Pär Sundström: Nós todos estamos muito melhor agora. Temos muita sorte que ninguém tenha se ferido mais do que realmente nos ferimos. Tá certo que ainda estamos sofrendo com alguns problemas. Eu ainda tenho algo nos dedos e é um pouco desconfortável quando estou tocando o meu instrumento, tipo, é como se eu não sentisse as cordas, algo assim. Então, ainda há algumas consequências, mas eu me sinto com sorte que nada ficou pior.

Daniel Tavares: Depois de passar por uma experiência assim, você vê a vida de alguma forma diferente?
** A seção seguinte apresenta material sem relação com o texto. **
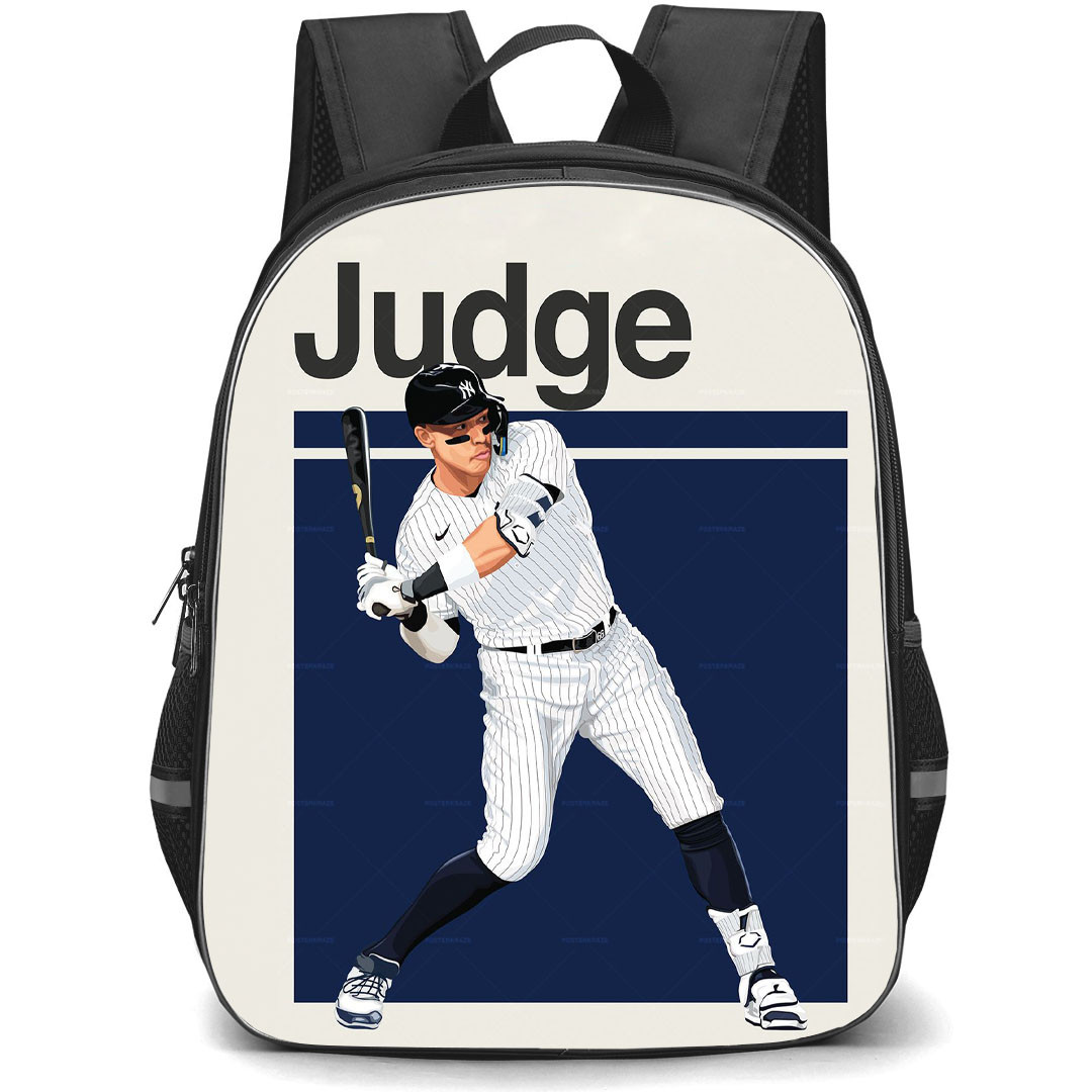 Get the MLB Aaron Judge Backpack, perfect for students and Yankees fans. Featuring an eye-catching illustration poster of Aaron Judge on a striking blue background.Our StudentPack is ultra durable and trendy, designed especially for students both young and old. Featuring one main compartment, a front compartment, and all of the space you could ever imagine. Durable and lightweight, the StudentPack is the perfect throw-on-and-go backpack for students.Features:- Roomy main compartment- Front compartment- 2 mesh pockets on both sides- Built to last, high quality waterproof oxford cloth- Adjustable padded shoulder straps- Front pocket with built in organizer- Padding on the back panel for superior comfort- Padded grab handle on top- High quality metal zips- 100% recycled undyed linerSpecifications:Fabric: 100% Polyester Oxford ClothCapacity: 15L (Small size) / 27L (Large size)Weight: 17.63 oz / 500gDimensions: Large size: 16.5" x 13" x 6.3" / 42 x 33 x 16 cmSmall size: 13" x 11" x 6.3" / 32 x 28 x 16 cm

Pär Sundström: Eu não acho que esteja vendo a vida de uma forma diferente, mas mudou um pouco a forma como nós lidamos com as coisas. Por exemplo, no futuro nós vamos ter um pouco mais de cuidado com o tipo de veículo que vamos entrar, olhar um pouco mais o motorista também. Isto é algo que realmente vamos pensar. Mas, além disso, eu não vou mudar meu estilo de vido. Eu realmente não tenho nada contra o país, a Tunísia. Eu tive um tempo fantástico lá e aproveitei cada momento, exceto pelo do acidente em si. Eu vou continuar vivendo a minha vida.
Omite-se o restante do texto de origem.